◆ **PROVIDED INFORMATION**

- - - -

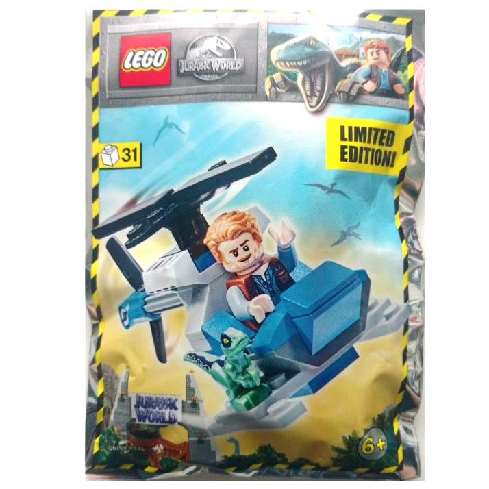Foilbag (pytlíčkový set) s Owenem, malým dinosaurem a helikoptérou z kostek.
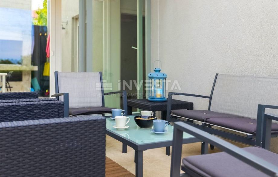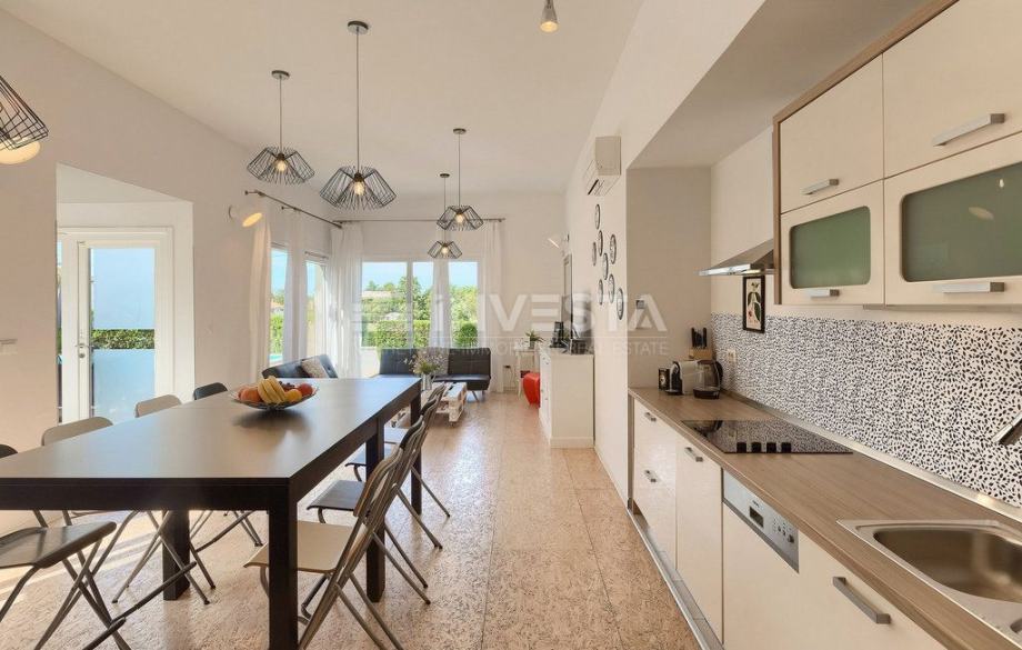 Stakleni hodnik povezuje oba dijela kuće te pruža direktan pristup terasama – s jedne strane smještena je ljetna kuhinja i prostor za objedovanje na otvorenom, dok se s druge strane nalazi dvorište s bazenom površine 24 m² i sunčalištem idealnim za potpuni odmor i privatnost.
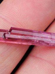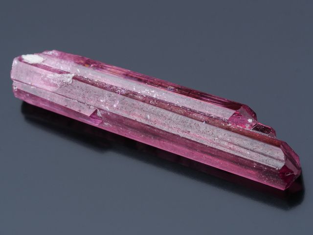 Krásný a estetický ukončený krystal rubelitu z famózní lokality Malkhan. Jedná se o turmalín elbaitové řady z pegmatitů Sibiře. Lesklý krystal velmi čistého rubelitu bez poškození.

- - - -

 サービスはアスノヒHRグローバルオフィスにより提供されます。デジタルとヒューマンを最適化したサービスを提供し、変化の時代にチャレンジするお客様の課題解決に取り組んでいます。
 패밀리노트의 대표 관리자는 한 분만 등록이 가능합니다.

- - - -

◆ **WHAT TO WORK ON**
What to print is the stretch of entries from the line with "Foilbag (pytlíčkový set)" up to and including the line with "Krásný a estetický". Please print it exactly and leave out the pictures.

◆ **WRITTEN RESPONSE**
Foilbag (pytlíčkový set) s Owenem, malým dinosaurem a helikoptérou z kostek.
 Stakleni hodnik povezuje oba dijela kuće te pruža direktan pristup terasama – s jedne strane smještena je ljetna kuhinja i prostor za objedovanje na otvorenom, dok se s druge strane nalazi dvorište s bazenom površine 24 m² i sunčalištem idealnim za potpuni odmor i privatnost.
 Krásný a estetický ukončený krystal rubelitu z famózní lokality Malkhan. Jedná se o turmalín elbaitové řady z pegmatitů Sibiře. Lesklý krystal velmi čistého rubelitu bez poškození.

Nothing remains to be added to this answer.